La posesión del presidente de los Estados Unidos, guardadas las proporciones, es tan importante para América Latina como la del jefe de Estado de Venezuela. La coyuntura del país vecino no se resuelve y la posición de Trump sobre Maduro, entre otras cosas, marcará un desenlace de la geopolítica en porvenir inmediato. La visión de primero Norteamérica y el problema de la inmigración generan suposiciones sobre amistosa relación entre la tierra del tío Sam y la patria de Simón Bolívar.
No obstante, hace unos días el magnate gringo reconoció la elección de Edmundo González, lo mismo que las autoridades salientes de su nación. Las referencias de Trump sobre Venezuela fueron nulas desde los escrutinios de noviembre, pese a que en campaña fue uno de sus caballos de batalla. El mundo mira con expectante prudencia.

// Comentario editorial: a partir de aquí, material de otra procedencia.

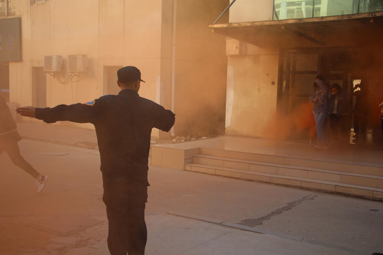 伴随着警报声的响起,全体师生迅速进入紧急疏散状态。大家用衣物捂好口鼻,按照逃生演练方案设定的路线,低身穿过烟雾,迅速而有序地撤出寝室楼栋,并在工作人员的指引下安全转移至安全指定地点,整个过程高效有序。

Las declaraciones de Trump sobre el canal de Panamá y Groenlandia también han generado diferentes reacciones en la comunidad internacional. El presidente del país centroamericano rechazo la devolución de la infraestructura a la primera potencia y el cambio de escudo de la monarquía danesa incluyó a los territorios autónomos. La convulsión está a la orden del día.
La Organización del Atlántico Norte (O.T.A.N) fue blanco de críticas recientes, por cuanto el presidente electo precisó que los países europeos no invierten lo necesario en el sostenimiento de esta entidad militar. Trump fue más allá y dijo que de no lograr mejores presupuestos, él retiraría a Estados Unidos de esta relevante agremiación.
A nivel ambiental es claro que el nuevo jefe de gobierno norteamericano no es amigo de aquellas políticas enfocadas a las energías limpias o la protección del medio ambiente. Las alertas alrededor de la protección de la Amazonía están puestas por el impacto que tiene el capital gringo en las políticas para frenar, por ejemplo, la deforestación. Incluso el presidente saliente en su discurso de despedida tuvo palabras sobre este peligro.
En Colombia las cosas no son diferentes. Nadie del alto gobierno fue invitado a la posesión del presidente Trump y, en contraste, asisten algunos representantes de los sectores de derecha radical. Mandatarios de la región como Milei también hacen parte de este selecto grupo. El presidente Petro se pronunció, curiosamente a través de la red social X, sobre ello rechazando esta forma de relacionamiento del norte con el sur.
China tiene un capítulo especial en la perspectiva de Trump. Se espera que la guerra comercial entre los dos gigantes sea muy fuerte, puesto que al menos en el plano discursivo así lo ha expresado el entrante presidente. Tik Toc, verbigracia, divide a los ciudadanos gringos, pese a que existe legislación que compele a su cierre. La posibilidad de comprar la red social por parte de empresarios norteamericanos también se ha ventilado por medios de comunicación.
La influencia de las personas más ricas del mundo en el nuevo gobierno también genera preocupación, al menos en quienes salen de la Casa Blanca. Los intereses particulares de los individuos más pudientes del mundo pueden generar riesgos para la democracia, la defensa de los derechos humanos y la autodeterminación de los pueblos. Elon Musk ya ha realizado cuestionamientos sobre temas intrínsecos al Reino Unido. ¿Qué podrá esperar Colombia del ingenioso y polémico dueño de Space X?
Muchos temas quedan en la agenda, pero la expectativa por la visión del norte irá corroborando el apocalipsis para algunos o la panacea para otros. En cualquier caso, todo cambiará sin duda.